Figure 5. Schematic overview of the experimental set-up testing the performance of mothur, QIIME, and MICCA to resolve the ITS1 mock community. ITS1 fragments were extracted from the UNITE ITS reference collection (v.7) and analyzed with mothur (default workflow), QIIME, and MICCA (default and closed reference based workflow).
Table 3. Correct classification of the in silico ITS1 mock community with different analysis pipelines and OTU picking strategies (% in parenthesis).

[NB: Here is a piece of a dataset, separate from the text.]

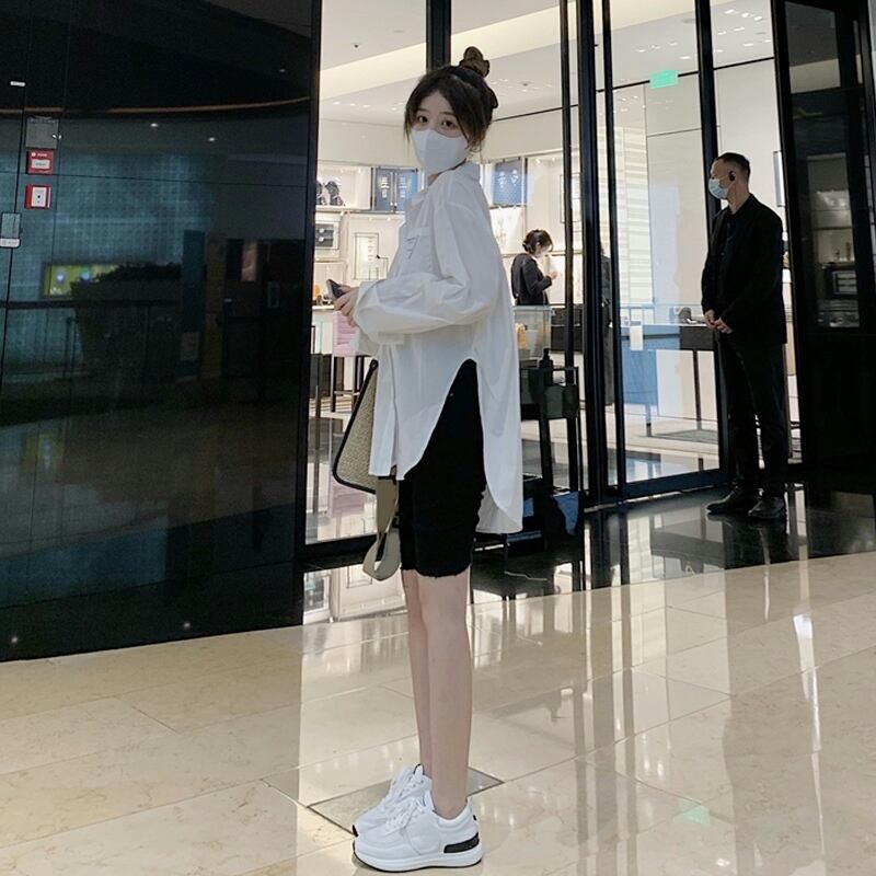 スタンダードホワイトシャツ スプリングオータム ロング レトロ 春物 秋物 試着室5336225568

Visualization and Statistical Analysis of ITS Data
Visualization and statistical analyses of mycobiota data typically enable measures for community structure, such as alpha-diversity metrics (e.g., richness, evenness, Shannon index), as well as taxonomic turnover (i.e., changes in microbial composition between conditions or groups) called beta-diversity, which can be calculated with different distance measurements (Bray Curtis, Andernberg, UniFrac, etc.). Principle coordinates analysis (PCoA) plots based on these distance matrices enable simplified visualization of the structural resemblance of mycobiota profiles. Statistical identification of differential abundant taxa between groups could be achieved using tools such as LEfSe (Segata et al., 2011) or linear modeling approaches, such as DESeq (Paulino et al., 2006) or edgeR (Robinson et al., 2010). Measures for alpha- and beta-diversity are readily provided by tools such as mothur and QIIME and operate on the created OTU tables. Caution must be taken if measures derive phylogenetic information based on diversity matrices emerging from MSAs of ITS reads, such as UniFrac (Lozupone et al., 2011). Such methods lead to erroneous results because of the bad performance of aligning ITS reads as shown above (Figure 4).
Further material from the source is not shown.